Crisis Democracy: Conversations on Politics in America will encourage the university community to reflect on, interpret, and imagine the future of political participation, inclusion and expression. Conversations between academics and local organizers will explore topics including: legal developments that affect citizen democratic participation, debates over free speech and safe spaces, and the shifting configurations of social movements.
The Futures of Law and Political Inclusion panel features:
Jowei Chen, Associate Professor, Political Science, University of Michigan
Ellen D. Katz, Ralph W. Aigler Professor of Law, University of Michigan
Reuben Miller, Assistant Professor, School of Social Service Administration, University of Chicago
Jowei Chen is an associate professor of political science at the University of Michigan. His research interests include distributive politics, executive agencies and legislatures. He has studied how legislators' pork-barreling strategies are shaped by the electoral geography of their districts, and he has examined how government spending influences voters. He is also interested in the political control of executive agencies.
Ellen D. Katz, the Ralph W. Aigler Professor of Law at the University of Michigan, writes and teaches about election law, civil rights and remedies, and equal protection. Her scholarship addresses questions of minority representation, political equality, and the role of institutions in crafting and implementing anti-discrimination laws. Professor Katz has published numerous articles, including an influential empirical study of litigation under the Voting Rights Act. Prior to joining the Michigan Law faculty, Professor Katz practiced as an attorney with the appellate sections of the US Department of Justice's Civil Division and its Environment and Natural Resources Division.

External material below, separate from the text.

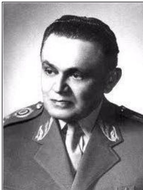
À esquerda, o Marechal Humberto de Alencar Castello Branco, grande líder revolucionário

Reuben Jonathan Miller is an assistant pProfessor at the University of Chicago in the School of Social Service Administration (SSA) and a faculty affiliate at the Center for the Study of Race, Politics and Culture. His research examines life at the intersections of race, crime control, and social welfare policy. Miller has conducted fieldwork in Chicago, Detroit, and New York City, examining how law, policy and emergent practices of state and third-party supervision changed the contours of citizenship, activism, community, and family life for poor black Americans and the urban poor more broadly.
This LSA Bicentennial Theme Semester event is presented with support from the College of Literature, Science, and the Arts and the University of Michigan Bicentennial Office. Additional support provided by the Department of History and the Eisenberg Institute for Historical Studies.